I hate to give Jennifer Rubin a ‘sad,’ but the Obama campaign doesn’t take advice from her or put any stock in her efforts to gauge the effectiveness of political messaging by Googling “Bain Backlash.” Ms. Rubin has been off on a little tangent lately, making lists of the five or ten reasons why attacking Mitt Romney about his vulture capitalism is a loser, or has lost, won’t win, is dumb, will backfire, isn’t working, etc.

She should take a closer look at the Obama operation. There’s a better than nil chance that the Obama campaign already knows the best message to send to a middle-aged Jersey-born, Berkeley-educated, Jewish woman with distinctly Likudist attitudes about Israel. If she’s not careful, she might just find herself thinking Obama is a better bet than Romney. Either way, she may get exposed to messaging designed distinctly for her.

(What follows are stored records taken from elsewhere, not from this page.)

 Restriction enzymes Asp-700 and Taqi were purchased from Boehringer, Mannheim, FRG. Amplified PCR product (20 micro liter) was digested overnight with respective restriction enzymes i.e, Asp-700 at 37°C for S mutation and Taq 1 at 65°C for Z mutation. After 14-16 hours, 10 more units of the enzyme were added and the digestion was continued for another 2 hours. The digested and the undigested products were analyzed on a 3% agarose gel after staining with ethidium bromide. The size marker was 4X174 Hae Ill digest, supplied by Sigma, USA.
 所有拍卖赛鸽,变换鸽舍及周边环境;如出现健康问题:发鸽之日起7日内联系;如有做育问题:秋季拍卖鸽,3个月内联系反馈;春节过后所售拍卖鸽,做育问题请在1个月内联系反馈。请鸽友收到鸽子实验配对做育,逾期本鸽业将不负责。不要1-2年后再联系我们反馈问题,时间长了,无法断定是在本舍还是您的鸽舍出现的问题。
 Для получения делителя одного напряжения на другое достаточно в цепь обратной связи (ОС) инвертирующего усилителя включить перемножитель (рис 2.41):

The attacks on Bain are going on in a general sense, which is to say that the president and (most of) his surrogates are talking about it. But they’re testing to see which demographics are moved on the issue and the best way to deliver the message to each distinct group.

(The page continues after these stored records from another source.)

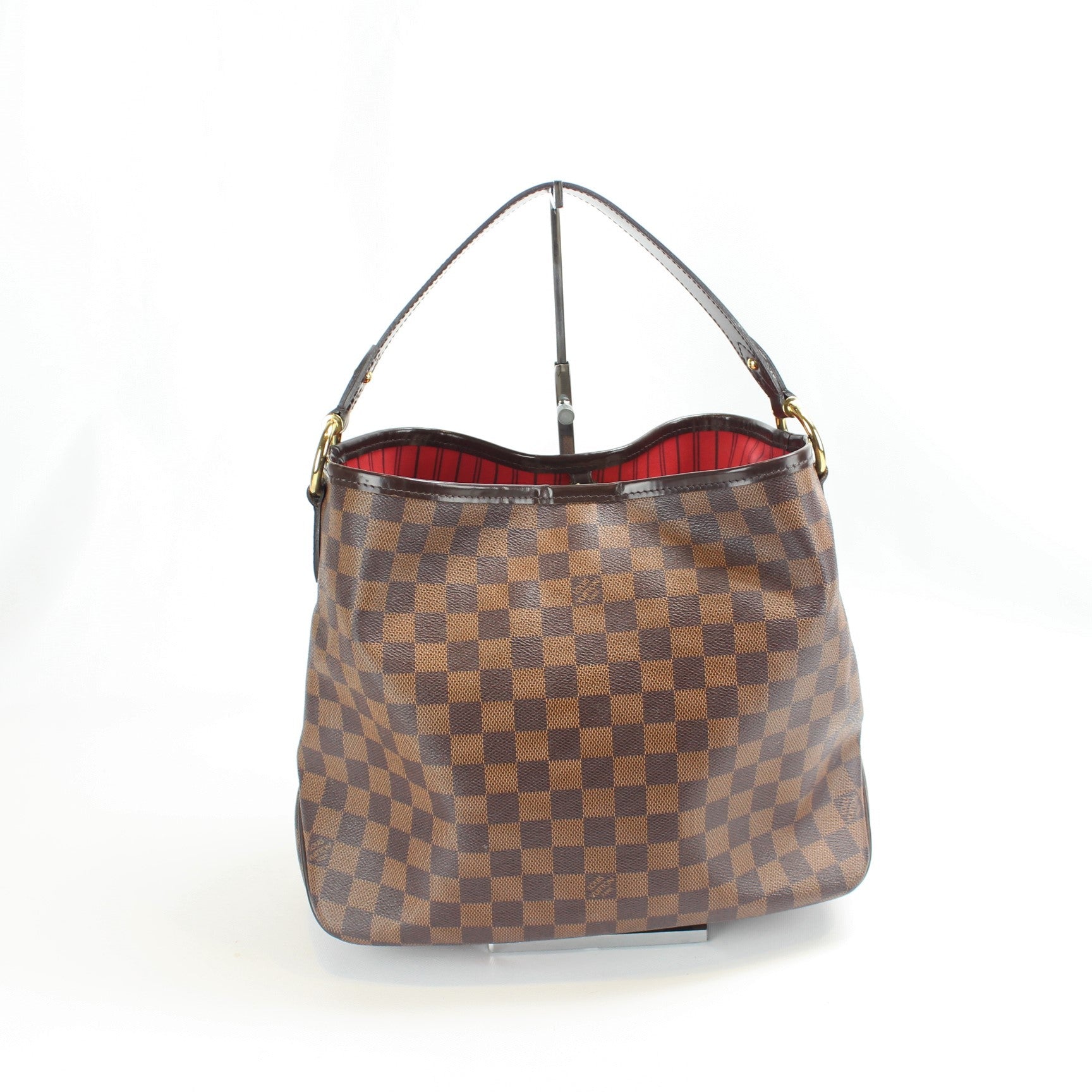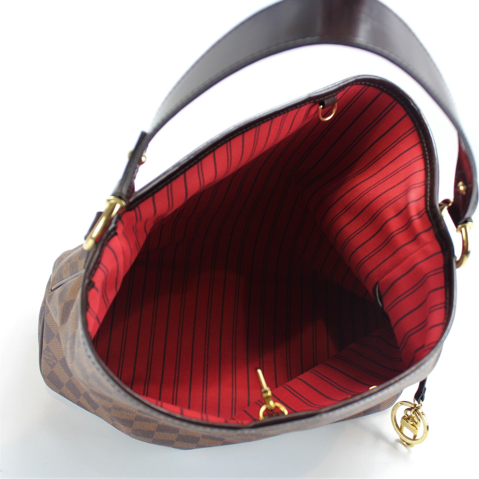 This pre-owned Louis Vuitton Delightful Pm is guaranteed 100% authentic. The exterior is in the classic Louis Vuitton Damier Ebene coated canvas.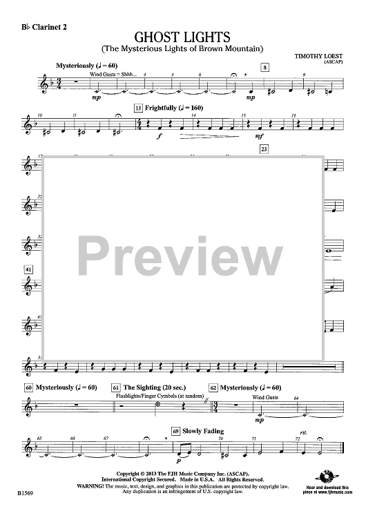 Digital Sheet Music for Ghost Lights - Bb Clarinet 2 by Timothy Loest scored for Concert Band; id:439377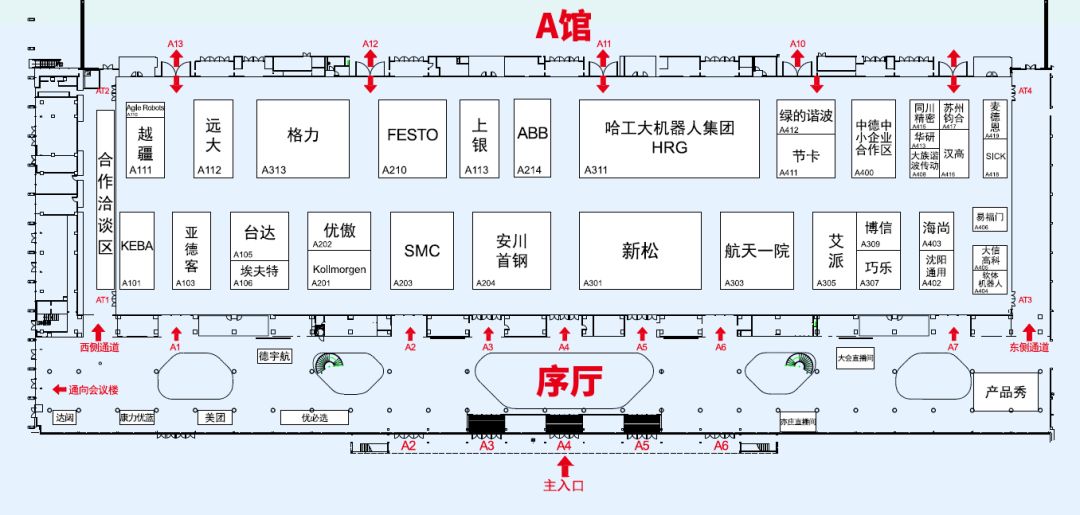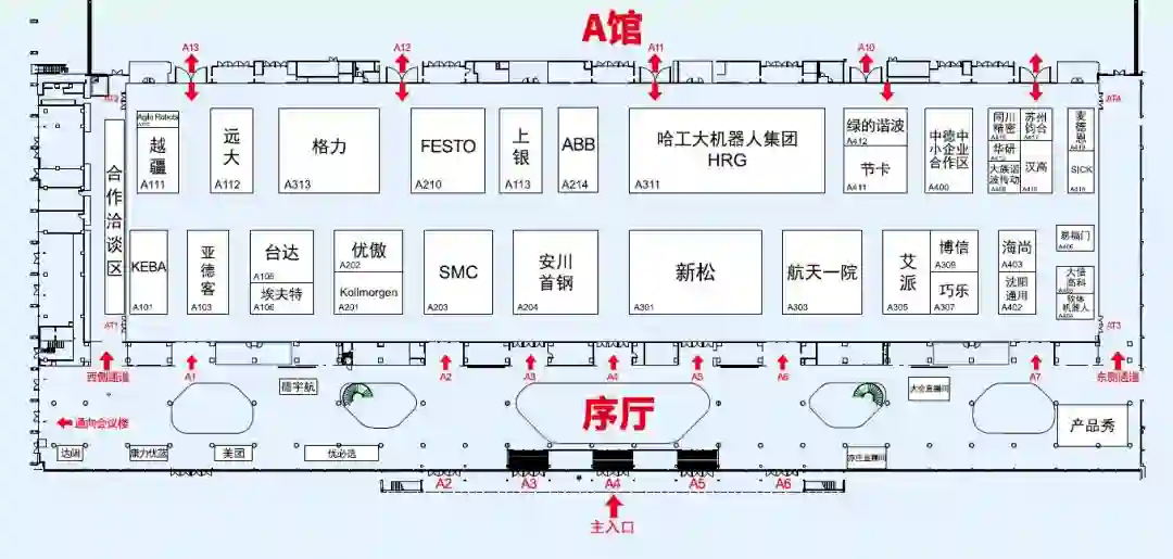 A馆为工业机器人及核心零部件展区,展示了新松、格力、拓斯达、ABB、FESTO、优傲、绿的谐波、科尔摩根等企业焊接、搬运、装配、打磨抛光、码垛、锻压、上下料等机器人本体,以及减速机、伺服电机、控制器等核心零部件,共计200余件(套)展品。

While Rubin tries to convince her readers that the Obama campaign is committing some blunder, they’re actually doing research and testing research that they’ve already done. This campaign makes very few mistakes. And all their mistakes are data for the next go-round.

But another way of looking at it is less empirical in nature. If Jennifer Rubin is squealing like a stuck pig, then you’re on the right track.